Kevin Skadron is an American computer scientist, the Harry Douglas Forsyth Professor of Computer Science. He served as department chair and served as Director of the SRC JUMP Center for Research on Intelligent Storage and Processing in Memory (CRISP), and the Center for Automata Processing (CAP), at the University of Virginia, Charlottesville, Virginia. His research focuses on computer processor design under physical constraints such as temperature, power, and reliability. He and his colleagues have contributed numerous tools now widely used in the research community, including the HotSpot family of tools and the Rodinia Benchmark Suite. Skadron also helped co-found IEEE Computer Architecture Letters and served as editor-in-chief from 2010 to 2012.
Skadron received his BS in Electrical and Computer Engineering and his BA in economics from Rice University in 1994. He then moved to Princeton University, pursuing doctoral research in Computer Science, with Doug Clark as his dissertation advisor and Margaret Martonosi as co-advisor. He earned his PhD in 1999. He became an assistant professor of computer science at the University of Virginia in August 1999. He served as department chair from 2012 to 2021.[1] He has graduated over 25 advised/co-advised Ph.D. students.

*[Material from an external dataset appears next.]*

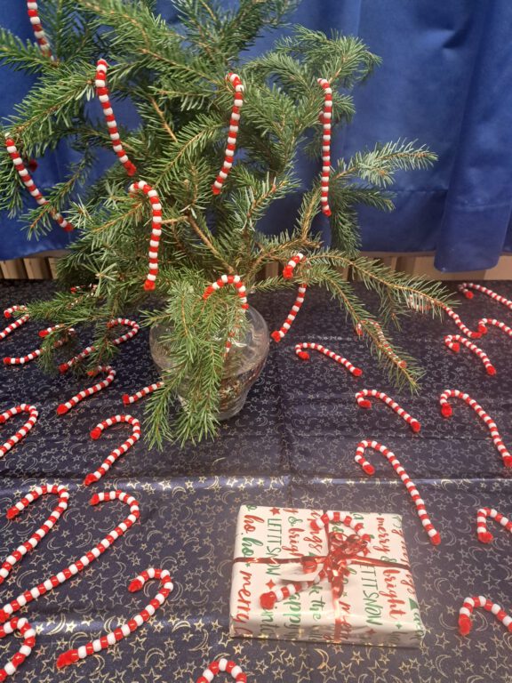 Für einen besonderen musikalischen Höhepunkt sorgte der Auftritt unseres Winterchores. Mit bekannten Advents- und Winterliedern erfüllten die Kinder den Eingangsflur neben dem Weihnachtsbaum mit warmen Klängen und verbreiteten eine feierliche Stimmung. Viele Besucherinnen und Besucher blieben stehen und lauschten den musikalischen Beiträgen -ein Moment, der den Basar noch stimmungsvoller machte.

Skadron received the SRC/SIA University Research Award in 2023 for lifetime research contributions to the U.S. semiconductor industry[2] [3] and the ACM SIGARCH Maurice Wilkes Award in 2011 for outstanding contributions to thermal-aware computer architecture modeling and design,[4] and was named Fellow of the Institute of Electrical and Electronics Engineers (IEEE) in 2013[5] for contributions to thermal modeling in microprocessors, and ACM Fellow for contributions in power- and thermal-aware modeling, design and benchmarking of microprocessors, including GPUs.[6]